Lincoln Heights (also known as Lincoln Heights - Parkway or Lincoln Fields) is a neighbourhood in the Britannia area of Bay Ward in the west end of Ottawa, Ontario, Canada. It is defined by its community association as being bounded to the south by the north side of Regina Lane (now Starflower Lane), to the north by the Ottawa River, to the west by the east side of Croydon Avenue, and to the east by the Kichi Zibi Mikan (formerly the Sir John A. Macdonald Parkway / Ottawa River Parkway). According to the Canada 2016 Census, the population of the neighbourhood is 1,630. The greater Lincoln Heights area can be defined as extending as far west as Greenview Avenue and as far south as Carling Avenue, which overlaps with neighbouring Britannia Village.

The area is notable for its proximity to the Ottawa River and Mud Lake bird sanctuary. Lincoln Fields transit station is the main transit hub in the neighbourhood, and Lincoln Fields Shopping Centre was the main commercial centre before closing in 2019.

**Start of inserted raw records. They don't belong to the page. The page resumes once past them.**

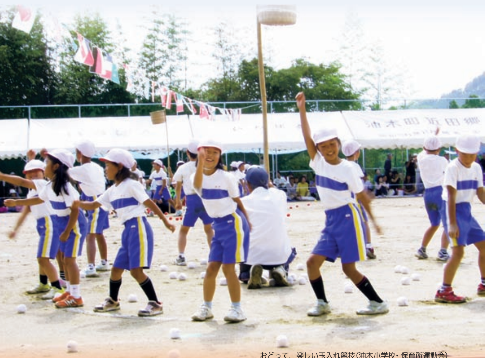
おどって、楽しい玉入れ競技(油木小学校・保育所運動会)
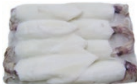
CPE320 CALAMARO PAC THAIL PUL U/5 KG 1.4
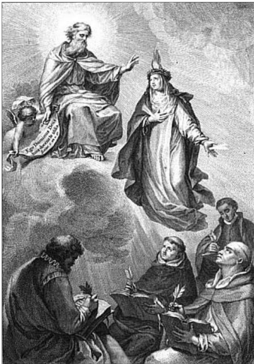
Svatá Kateřina Sienská OP – Dialog s Boží Prozřetelností
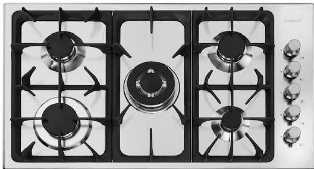
Table de cuisson Professionale
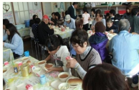
11月1日 オープンスクール 参観授業、3世代交流グラウンドゴルフ、お話し会、給食試食会で地域の方々との交流を深めました。
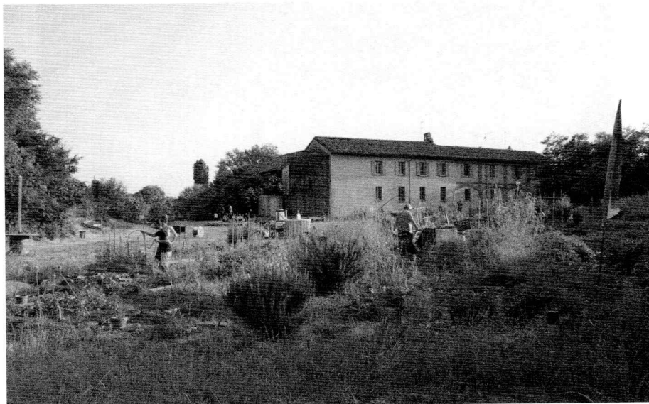
Figura 4. Milano, cascina Sant' Ambrogio, conservazione dell'originaria vocazione agricola e apertura a usi contemporanei (coworking, agriristoro, eventi socioculturali).
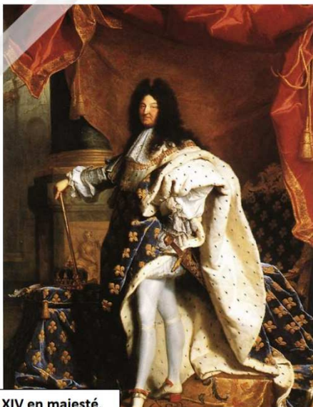
Louis XIV en majesté, tableau de Hyacinthe Rigaud, 1701

A l'aide de la carte et du texte, que peux-tu dire sur les guerres de Louis XIV ?
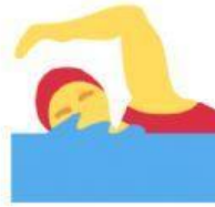
nebar o nedar
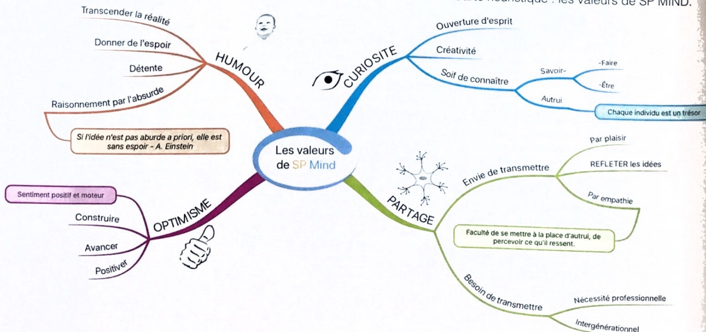
Carte heuristique : les valeurs de SP MIND.

Au fil de mes expériences, et des expériences de ceux qui m'entourent, j'ai acquis la conviction que l'empa-
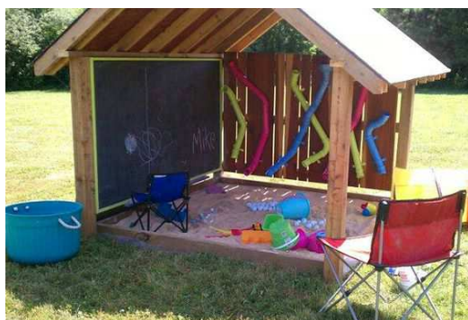
1 Arenero Techado

Imprescindible poner algún techado para inclemencias.
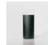
CL 40 / Ø 60 mm
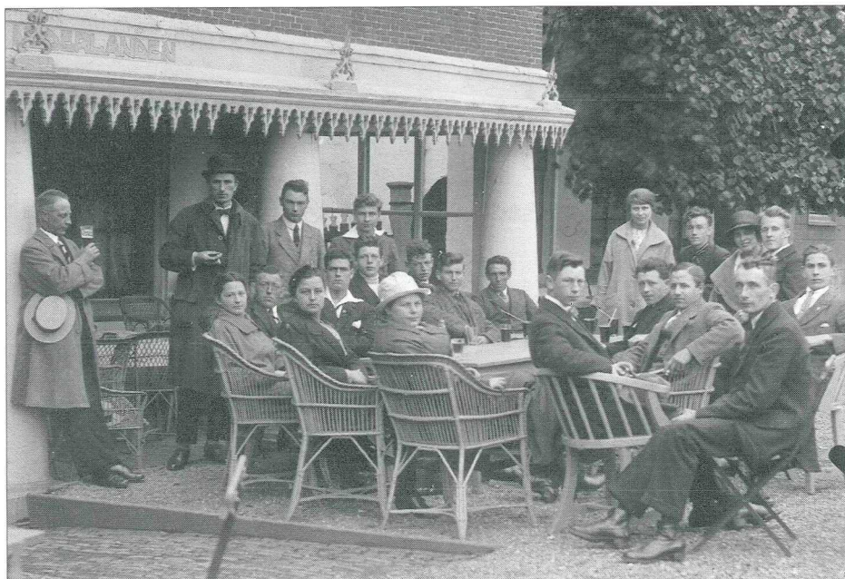
Een gezelschap bij hotel 'De Nederlanden' in 1911. Dit zou een deel van de leden van de Utrechtse Bloemisten Patroonvereniging kunnen zijn, die op 22 augustus van dat jaar een bezoek bracht aan kwekerij 'De Morgenzon'.

genzon' oprichtte, was hij al actief als bloemenkweker in Vreeland, getuige een advertentie in het vaktijdschrift Floralia van 31 mei 1901, waarin hij - tegen concurrerende prijzen - vaste afnemers zocht voor witte waterlelies. Op 18 januari 1906 kocht hij van Theodorus Johannes Schipperrijn, grondeigenaar te Maarsseveen en Jan Plomp, grondeigenaar te Maarssen 4) voor de prijs van 4.120 gulden het huis met erf en tuin kadastraal sectie A nummer 1036 ter grootte van 25 are en 30 centiare. Het adres van dit perceel was in latere jaren Oostelijke Vechtdijk 151 (1942) en Boslaan 7 (1954). In de koopakte van 1906 was al sprake van bloemenkassen. Op grond van een mededeling van Huibert van Mastrigt in 1908 aan een journalist van het tijdschrift Onze Tuinen moet op het desbetreffende perceel voor 1906 al zo'n twintig jaar een kwekerij hebben bestaan, zij het op kleinere schaal dan zijn bedrijf 'De Morgenzon'. Op de oude kwekerij werd voldaan aan de plaatselijke vraag naar potplanten voor tuin- en kamerversiering. Niet bekend is wie zijn voorganger is geweest, mogelijk was dat zijn vader Willem. Het kan ook zijn dat zijn vader daar in loondienst heeft gewerkt. Vermoedelijk is de aankoop van het perceel in 1906 en de uitbreiding van
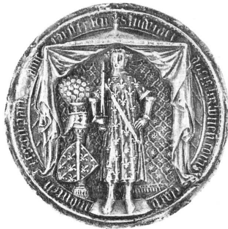
Fig. 3. Sceau de Louis II de Bourbon en 1394. Le duc est debout sous une tente, nu-tête, vêtu d'une longue cote d'arme et tenant son épée de la main droite. A côté de lui une colonnette torse — sur un piédestal où l'on peut encore lire sa devise ALLEN — supporte l'écu de Bourbon et le heaume à lambrequins, couronné, et cimé d'un plumail de paon. Cimier attesté par les armoriaux et en particulier par Gelre.

3 o Le dessin du registre de Peiresc — document unique — prouve que le graveur du grand sceau, dont usa Louis II à la fin de sa vie 7 , avait reproduit la composition héraldique qui surmontait l'hôtel de Bourbon (fig. 3).
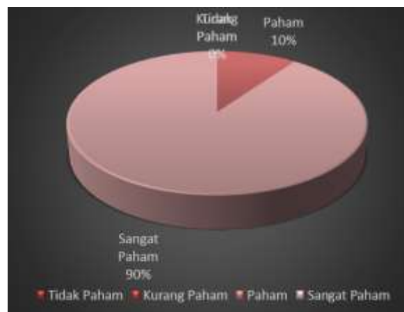
Gambar 1. Diagram Tingkat Pemahaman Peserta Terhadap Materi Pelatihan

Home industry merupakan salah satu bagian dari pengelompokan industry berdasarkan kapasitas pekerja, hanya memiliki \leq 4 orang dengan aset serta modal yang belum bisa untuk ditentukan. Pada umumnya para pelaku home industry yang dijadikan masalah bagi mereka adalah untuk memulai berwirausaha, karena pada dasarnya untuk menjadi wirausahawan tidak cukup hanya bermodalkan keberanian tetapi juga membutuhkan motivasi serta komitmen untuk menjadi wirausahawan. Awal merintis usaha atau membuka usaha home indutry tidaklah semudah membalikan telapak tangan, jatuh bangun dalam usaha itu hal yang sangat wajar maka dari itu butuh sumber daya manusia yang pantang menyerah, pekerja keras dan berani mengambil risiko, agar home industrinya tetap eksis. Apalagi wirausaha home industry didesa yang produksinya musiman tentu butuh daya juang yang luar biasa, karena untuk memasarkan hasil produksinya harus bersaing dengan produksi barang baru yang secara harga juga mampu bersaing.
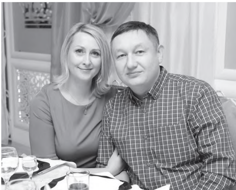
С любимым супругом
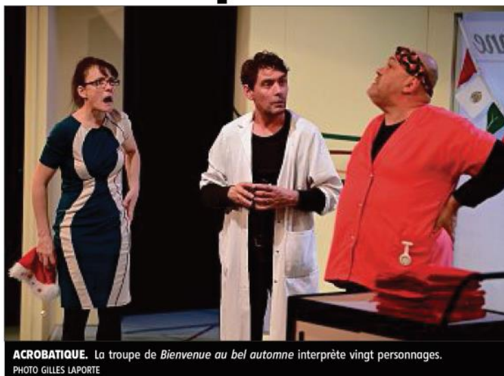
ACROBATIQUE. La troupe de Bienvenue au bel automne interprète vingt personnages.

La dramaturge de la compagnie Cavalcade, de son propre aveu, « vit, mange et dort avec ce texte » depuis dix-huit mois. Après une longue préparation et une interruption due à la pandémie de coronavirus, la comédienne et sa troupe sont prêts à présenter la grande première de la pièce au pu-
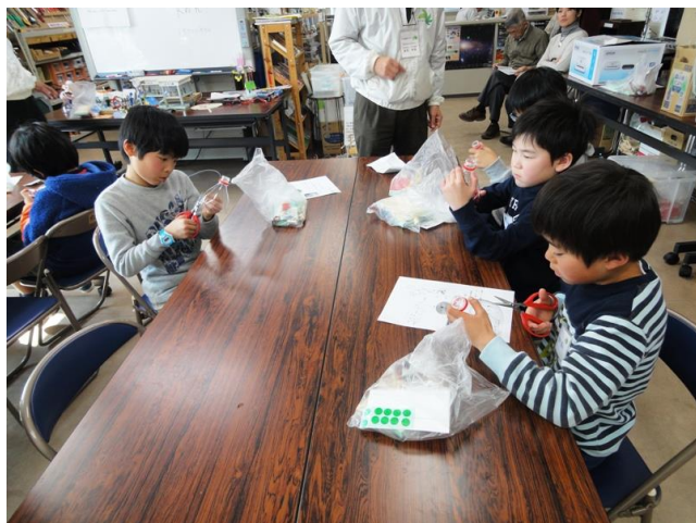
ペットボトルで羽根づくり

ペットボトルで風車をつくり、うちわの風で発電機を回し明りを灯す。 全員上手に完成でき、LEDに明りが灯ると歓声があがる。
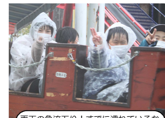
雨天の急流下り！すでに濡れているから大丈夫？
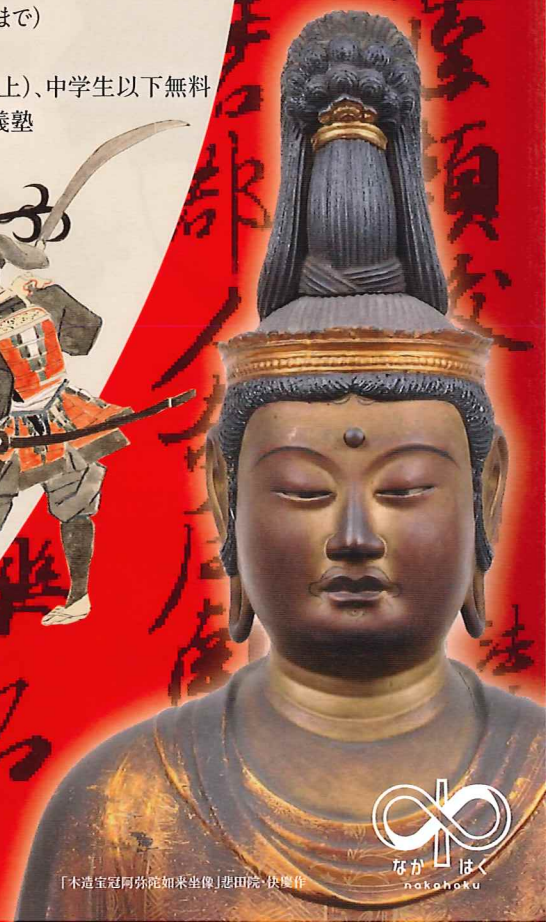
「木造宝冠阿彌陀如来坐像」恵徳院・快慶作
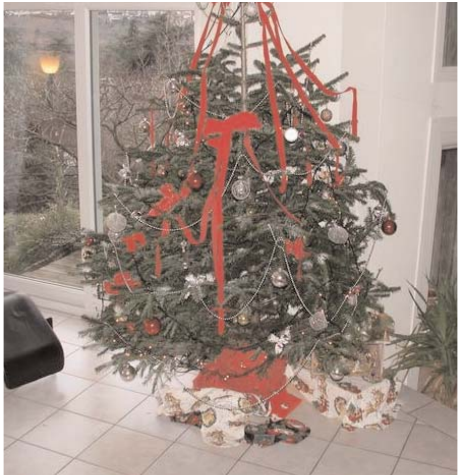
De julklappar som inte får plats i strumpan eller skorna placerar tomten Père Noël under granen.

Förutom att barnen får presenter på Sankt Nicholasdagen ger man "bonus" till tjänstemän, företagen ger till sina anställda och privatpersoner ger till de tjänstemän vilka man kommit i kontakt med mycket under året, vanligtvis brevbäraren.
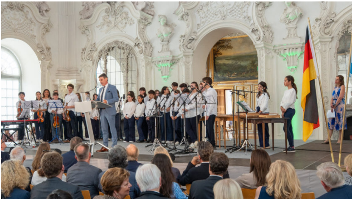
Empfang zum italienischen Nationalfeiertag
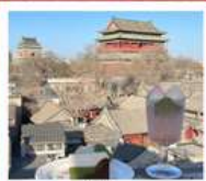
คาเฟ่ น้ำตาล
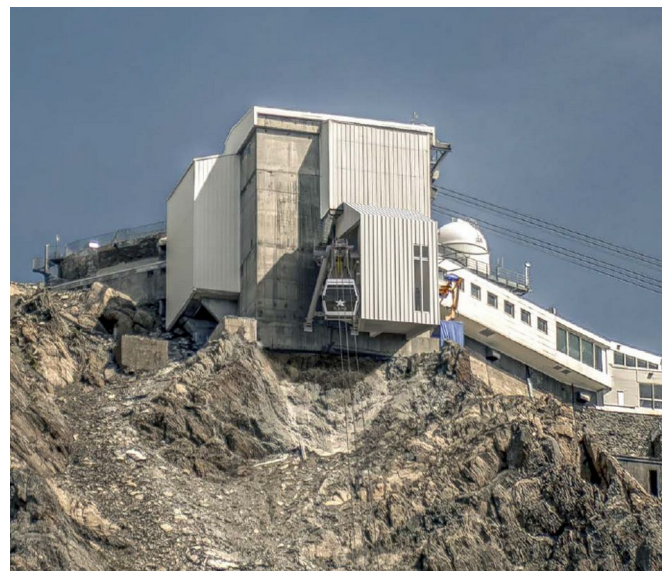
Figure 3 : photomontages présentant la jonction de l'ascenseur à l'Hostellerie (photo de gauche) et le départ de ce dernier depuis le Pic du Midi (photo de droite) – réalisation Architecte 360 °
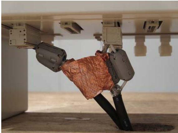
写真3 信号線対策、シールド線共通接地
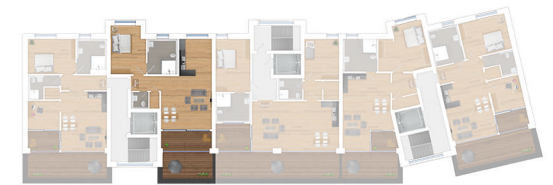
Lage im 3. Obergeschoss
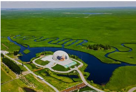
อุทยานชุ่มชื้นจาหลง

รับประทานอาหารเช้า ณ ห้องอาหารของโรงแรม (7)
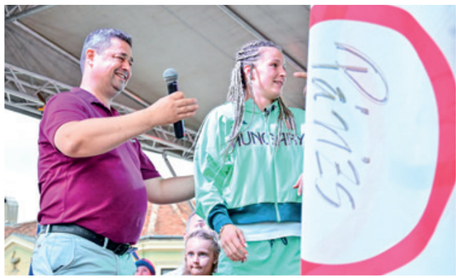
A városháza falán, a kivetítő mögött függött Luca második meccse alatt az olimpiai zászló, amit az olimpiáknak a kőszegi köszöntésekor átadott a polgármester

66 kilogrammos súlycsoportjában. Luca ezzel saját gyermekkori álmát teljesítette. Hihetetlen szorgalommal és alázattal, pontosan követte a siker forgatókönyvét, amelyet egy évvel ezelőtt a kvótaszerzés idején így fogalmazott meg: „Meccsről
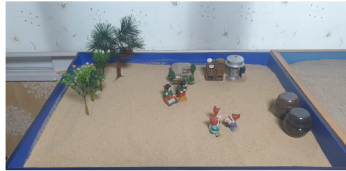
(그림 8) 9회기 모래상자
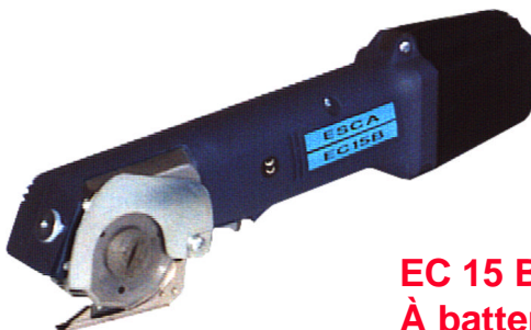
EC 15 B À batterie
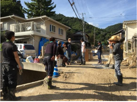
炎天下の中、続く大量の土砂・ガレキ撤去
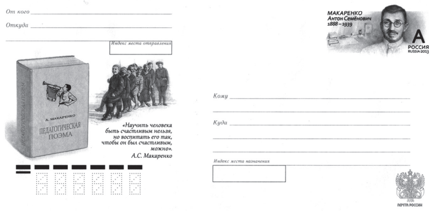
Конверт с портретом А.С. Макаренко

Похоже, что на государственном уровне 125-летие А.С. Макаренко отметило только учреждённое Правительством предприятие «Почта России», выпустившее маркированный конверт с портретом педагога.
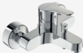
Wannen-Einhebelmischer Ausladung 159 mm, mit automatischer Umschaltung von Brause auf Wanne
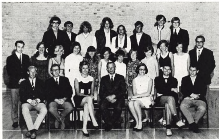
Munkebakkeskolen, 3. real b 1969
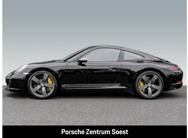
Porsche Zentrum Soest
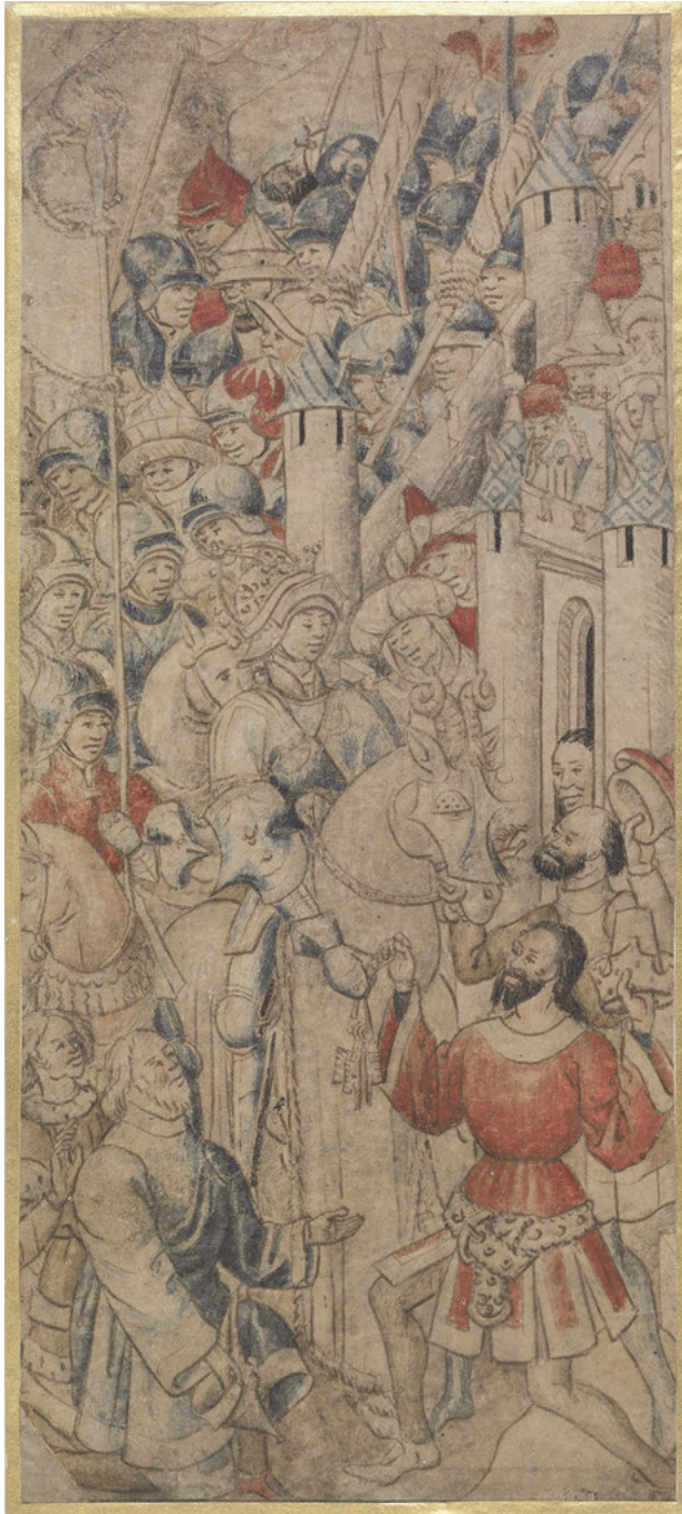
Abb. 33: Der triumphale Einzug Alexanders in Babylon, Zeichnung, um 1460, London, British Museum, Inv. Nr. 1895,0915. 893.a.
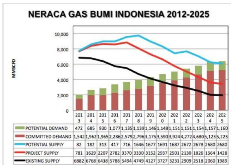
Gambar 1.2 Kondisi gas bumi

Industri pupuk menggunakan gas alam sebagai bahan baku dalam proses pembuatan pupuk, sedangkan pada keempat industri lainnya, gas alam digunakan sebagai sumber energi. Menurut Peraturan Menteri No. 3 Tahun 2010 Pasal 6 Ayat 3 yang mengatur alokasi dan pemanfaatan gas alam, industri pupuk mendapatkan prioritas dalam alokasi gas alam, yang berarti alokasi untuk industri lain mungkin dapat digantikan dengan sumber energi lain
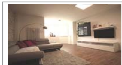
B030: SOLTERI: AMPIO 2 STANZE RISTRUTTURATO nel 2015, ottimamente esposto, luminosissimo, atrio d'ingresso arredabile, soggiorno/cucina di 45 mq. a sud-ovest, disbrigo, camera matrimoniale, camera doppia, ripostiglio e bagno. Garage e cantina, T.A., Cl. En. D
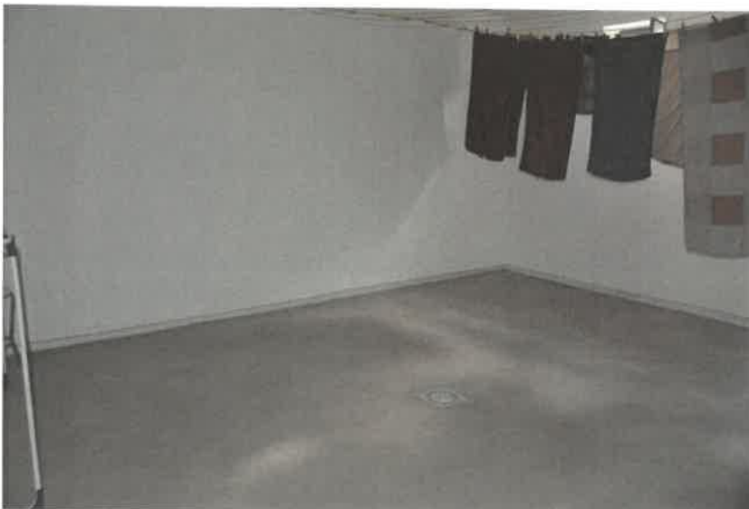
FOTO 15 TROCKENRAUM
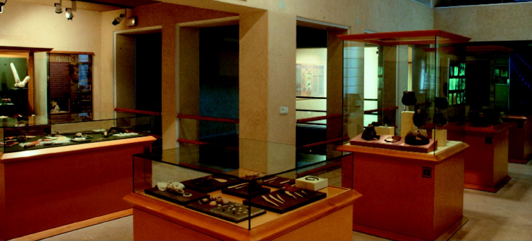
EL MUSEU ARQUEOLÒGIC MUNICIPAL CAMIL VISEDO MOLTÓ
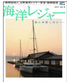
[『海洋レジャー』表紙]

一般財団法人 日本海洋レジャー安全振興協会様から『海洋レジャー2017vo2』が、JOFI 東海事務局に送られてきました。内容は「年頭の挨拶」から始まり、「特集 海洋レジャーボートینگ」「各事業部からの活動報告」などと続き、大変読み応えのある編集がされていました。
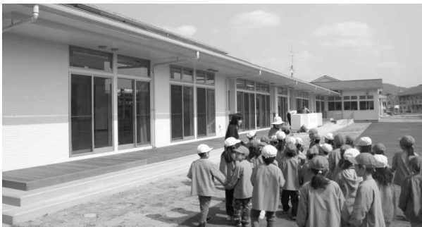
ガラス窓を多く取り入れた園舎

建物の前面には大きなガラス窓を多く取り入れるなど、採光に配慮したつくりになっています。こ

Construction plans for the neighbourhood were announced in 1958 by Assaly Construction Limited, with plans for a $20,000,000 "luxury sub-division" on the site of the Magee farm. The neighbourhood began to be built c. 1960 on Regina Street. Following the removal of the Canadian Pacific Railway line (where today's Plover Lane is), the neighbourhood expanded further north in the early 1970s with the construction of Lincoln Heights Road.

There are many high-rise condominiums and apartments in the neighbourhood.

The Old Forge Community Resource Centre, which is located in a historic building, is a key community centre. Carlingwood Shopping Centre is just east of Lincoln Fields at the corner of Carling and Woodroffe Avenue.